Background information
- Born: Lindsey Chukwufumnanya Abudei 6 February 1987 (age 39) Jos, Plateau State, Nigeria
- Genres: Neo-soul, alternative R&B
- Occupations: Singer; songwriter;
- Instrument: Vocals
- Years active: 2011–present
- Website: lindseyabudei.com

= Lindsey Abudei =

Nigerian singer (born 1987)

Lindsey Chukwufumnanya Abudei (born 6 February 1987), known professionally as Lindsey Abudei, is a Nigerian singer and songwriter. In 2010, she recorded music and had jam sessions with rappers M.I Abaga and Jesse Jagz while studying law at the University of Jos. Abudei has released the solo projects Brown (2013), ...and the Bass Is Queen (2016), and Kaleidoscope (2023).

==Early life and education==
A native of the Igbo-speaking part of Delta State, Abudei was born and raised in Jos. She attained a law degree from the University of Jos and decided to pursue a career in music after graduating. Abudei's parents were involved in music during their early years. She chose to make neo-soul and R&B music after listening to artists such as Stevie Wonder, Roberta Flack, Sade, Prince, Nat King Cole, R.E.M., Skeeter Davis, Andy Williams, The Beach Boys and Omar Lye-Fook.

==Career==
===2004–10: Early beginnings and Project Fame West Africa===
In 2010, Abudei started recording music with MI, Jesse Jagz and Ruby Gyang while still an undergraduate law student at the University of Jos. That same year, she auditioned for the third season of Project Fame West Africa. Although she exited the platform as an early evictee, she managed to attract a devoted fanbase. Abudei had a brief stint with the Jazzcats, a jazz band. She lent vocals to M.I's "Jehovah", a track from his debut studio album Talk About It (2008).
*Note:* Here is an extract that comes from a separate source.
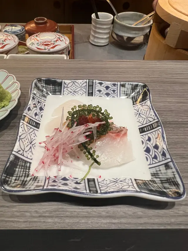 今次相約朋友去位於灣仔的「彩羽壽司」品嚐高性價比的Omakase 廚師發辦😍🎏,。「彩羽壽司」位於隱蔽的街道內,門口設計作風低調,很有神秘感🎏。店內設計裝潢感覺舒適,只設有吧枱座位🪑,可以近距離欣賞廚師👨🍳精湛的手藝,座位與座位之間不會太接近,座位不多,約有14個位,所以一定要訂枱🤭板前師傅很專業,一邊介紹菜式和食法之餘,也有跟客人們有說有笑,令大家都輕鬆愉快👍🏻晚市《雅》套餐 $680/人套餐包括前菜、刺身4款、串燒5串或和牛壽喜燒、壽司6貫🍣、江戶前玉子燒🥚、味噌湯🥣及甜品🍧🍨🤩相當豐富。🔹️前菜前菜是甜嫰的白粟米🌽、清香的無花果配搭彈牙的汁煮八爪魚🐙,清爽開胃。🔹️刺身4款1️⃣真鯛真鯛肉質細緻鮮甜,油脂適中,入口清爽,配搭海葡萄及酸汁啫喱,味道帶酸又鮮甜,很開胃😍2️⃣白子因為我唔食得蠔,所以師傅將日本生蠔轉為白子🤭白子自帶甜甜的味道,口感綿密柔滑,就像是鮮嫩的豆腐,配搭加入了醋汁的水雲同食,入口即融,口感清爽❗️3️⃣秋刀魚橫切面見到魚肉和配料構成色彩繽紛🌈秋刀魚油脂豐厚,肉質細緻,搭配醃漬及蔥花製成卷狀,口感豐富❣️4️⃣鏗魚師傅將魚肉連魚皮輕微炙燒🔥,從而將魚油迫出,肉質細緻且油脂豐富,入口柔滑鮮甜😉。 🔹️和食和牛壽喜燒跟朋友一人選了一款和食😆壽喜燒選用油花分布均勻的和牛🐮,肉質細嫩,搭配甘甜湯🥣汁和蔬菜🥬同煮,和牛和蔬菜都吸收湯汁精華,鹹甜平衡,口感豐富,蘸一蘸生雞蛋🥚一同食,口感更滑順。或 串燒5串5款串燒有爽口彈牙的鮮蝦🦐、香濃多汁的牛肉🐮、嫰滑入味的雞肉🐔、清甜的冬菇🍄🟫及青椒仔,再將木魚花灑在串燒上面,好豐富。🔹️彩羽太卷我們2人都額外點了彩羽太卷,卷物非常好足料🥰以自家醃製醬油漬蛋黃🥚,配上鮮甜的海膽、濃厚鮮味的大拖羅及中拖羅🐟,還有青瓜🥒一起吃,口感及味道相當豐富,幸福感滿滿❣️🔹️壽司6貫1️⃣鰤魚就是體型較大的油甘魚,冬季時會較肥美,口感滑身又帶爽口,油脂散發甘腴,細膩鮮甜🤤 2️⃣甘舌鯛肉質細緻綿密,魚肉口感軟熟,味道甘甜帶微微油香🤩3️⃣鮟鱇魚肝泡芙鮟鱇魚肝慢煮後再造成慕絲的效果😋,將鮟鱇魚肝釀入泡芙,外皮酥脆,內裡口感綿密軟滑,驚喜感滿分‼️👍🏻4️⃣貝柱貝柱口感紮實、味道鮮甜。 5️⃣中拖羅色澤鮮嫩的拖羅佈滿魚油花紋🤭,富天然魚油脂的甘香,入口即溶,入口滿滿甘腴鮮甜,真鮮甜無比‼️6️⃣昆布海膽海膽經過醃漬來濃縮海膽鮮味🤩,海膽色澤呈淺橙黃色而飽滿挺身,醃漬後的昆布漬海膽口感更豐富,味道更濃厚甘甜口,感幼滑又creamy‼️🔹️江戶前玉子燒玉子燒口感柔滑甜香🥚,層次分明,蛋香濃郁。🔹️味噌湯食了多款刺身及壽司後,飲碗味噌湯🥣,既可以暖胃又解膩。🔹️甜品日式雪花刨冰我們也額外+$78 將雪糕升級至刨冰🍧,糖漿選了桃味🍑冰刨得非常細膩,口感綿密如雪花般滑順,師傅一邊刨,一邊加入桃味糖漿,非常滿足😍再配搭蜜瓜🍈一起食,非常解膩👍🏻雲尼拿雪糕原本的甜品是雲尼拿雪糕🍨,口感細滿綿密,好清爽😊⭐️整體食物質素高又新鮮,也看得出廚師在設計菜式和安排上的心思。…查看更多

Moreover, she was featured on DJinee's "Thank You" and Jesse Jagz's "This Jagged Life".

===2011–present: Brown, ...and the Bass Is Queen, and Kaleidoscope===
Abudei's debut extended play (EP), Brown, was independently released on 24 February 2013. It comprises eight tracks and includes cover versions of Aṣa's "Jailer" and Fela Kuti's "Trouble Sleep, Yanga Go Wake Am". The EP also includes three bonus tracks and was produced by Atta Lenell, Jesse Jagz, and IBK. Brown was supported by the previously released singles "Drift Away", "The 90s Song", and "Out the Magazine".

Abudei started recording her debut studio album, ...and the Bass Is Queen, in 2014. She filmed the music video for "Out the Magazine" with Kemi Adetiba in 2015. On 25 June 2016, she disclosed that the album would comprise twelfth tracks and unveiled its cover art. In 2017, Abudei announced a concert residency in New York and became an Art OMI Music Fellow. She recorded "Abụ Ya", an acoustic ballad that initially appeared on Brymo's seventh studio album Yellow (2020). The song was excluded from the track list when Yellow was reinstated on streaming services; "Abụ Ya" later appeared on her second extended play Kaleidoscope. On 3 April 2020, Abudei released the alternative ballad "One on the Outside", which marked her first solo release in three years. The song was originally slated to appear on Kaleidoscope.

Kaleidoscopes release coincided with Abudei's thirty-six birthday on 6 February 2023. The EP is a mixture of electronic and classical music, and was jointly produced by Abudei and Bigfoot. All of the songs on Kaleidoscope include an intermission and were written by Abudei while she was experiencing loss and uncertainty. Kaleidoscope was written as a soundscape for visual and performance presentations.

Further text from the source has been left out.